» **Provided data**:
----------------------------------------

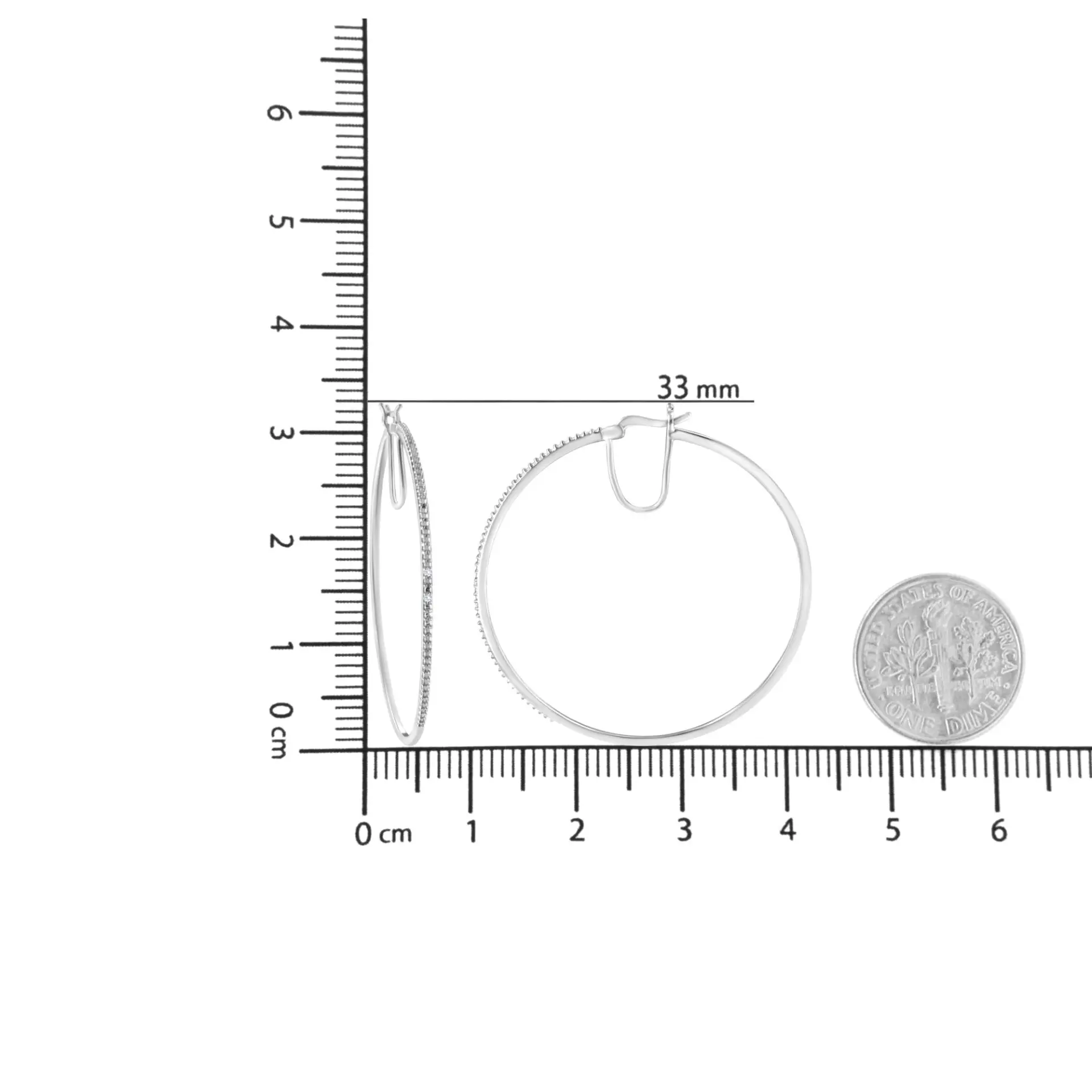 The fabulously sleek style of these sterling silver hoop earrings will complete any outfit and add the perfect amount of sparkle to your day. With a dazzling diamond accent comprised of 4 natural, sparkling diamonds, this diamond hoop design gives you the look of many high-end pave diamonds for a fraction of the price. The inside-out design sparkles from every angle.
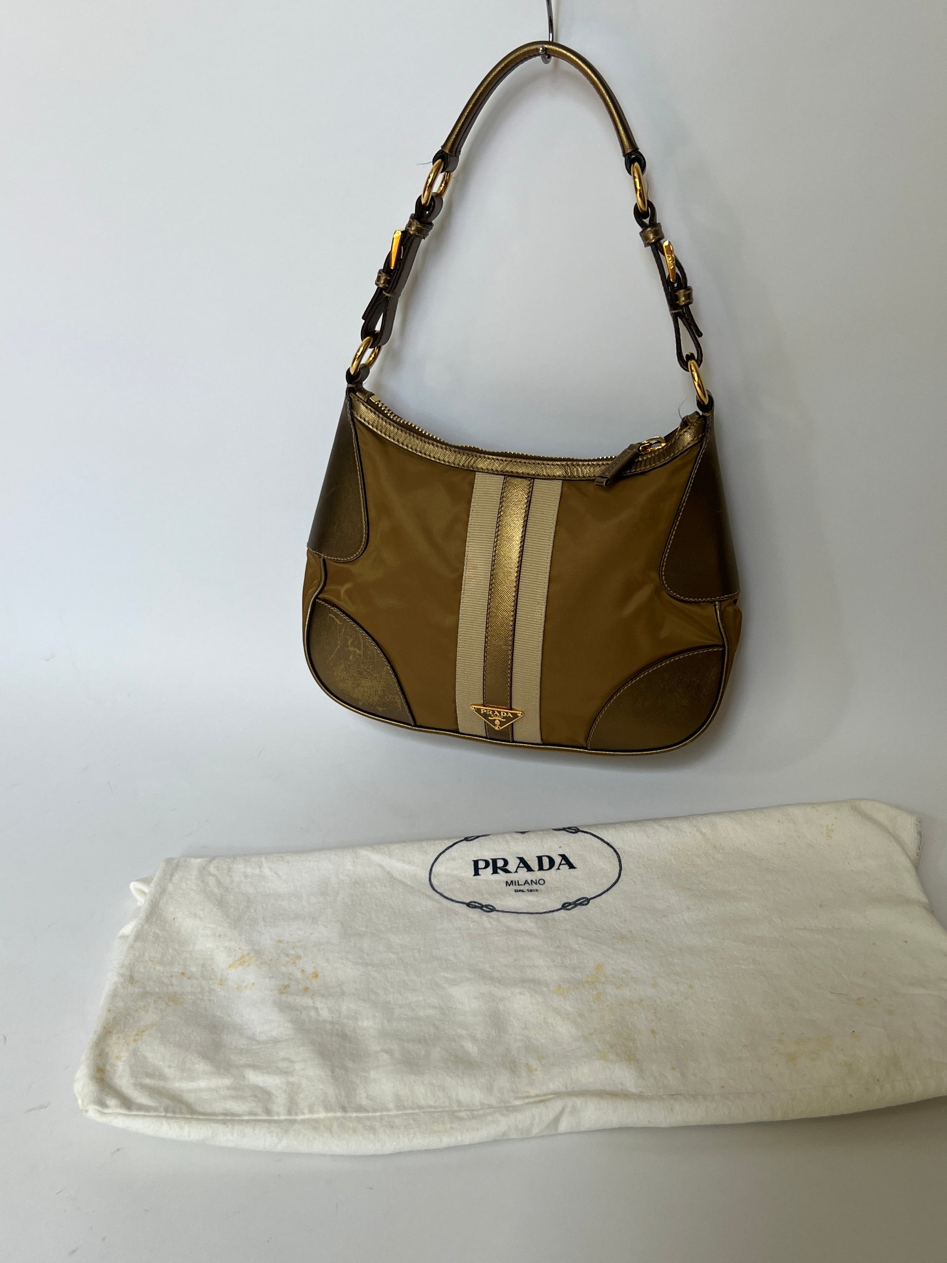 Prada Tessuto Sport Gold Stripe Shoulder Bag – Early 2000s
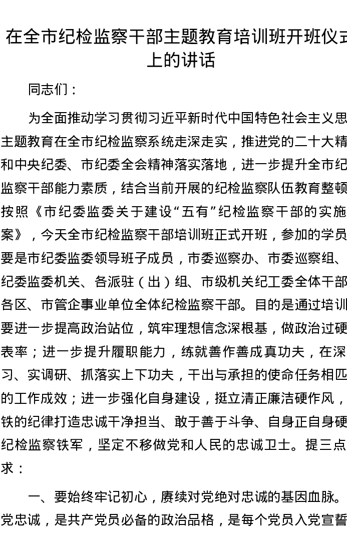 在全市纪检监察干部主题教育培训班开班仪式上的讲话

----------------------------------------

» **What you need to do**: The full text of the data above, exact and without pictures, is what to return.

» **Task answer**:
 The fabulously sleek style of these sterling silver hoop earrings will complete any outfit and add the perfect amount of sparkle to your day. With a dazzling diamond accent comprised of 4 natural, sparkling diamonds, this diamond hoop design gives you the look of many high-end pave diamonds for a fraction of the price. The inside-out design sparkles from every angle.
 Prada Tessuto Sport Gold Stripe Shoulder Bag – Early 2000s
 在全市纪检监察干部主题教育培训班开班仪式上的讲话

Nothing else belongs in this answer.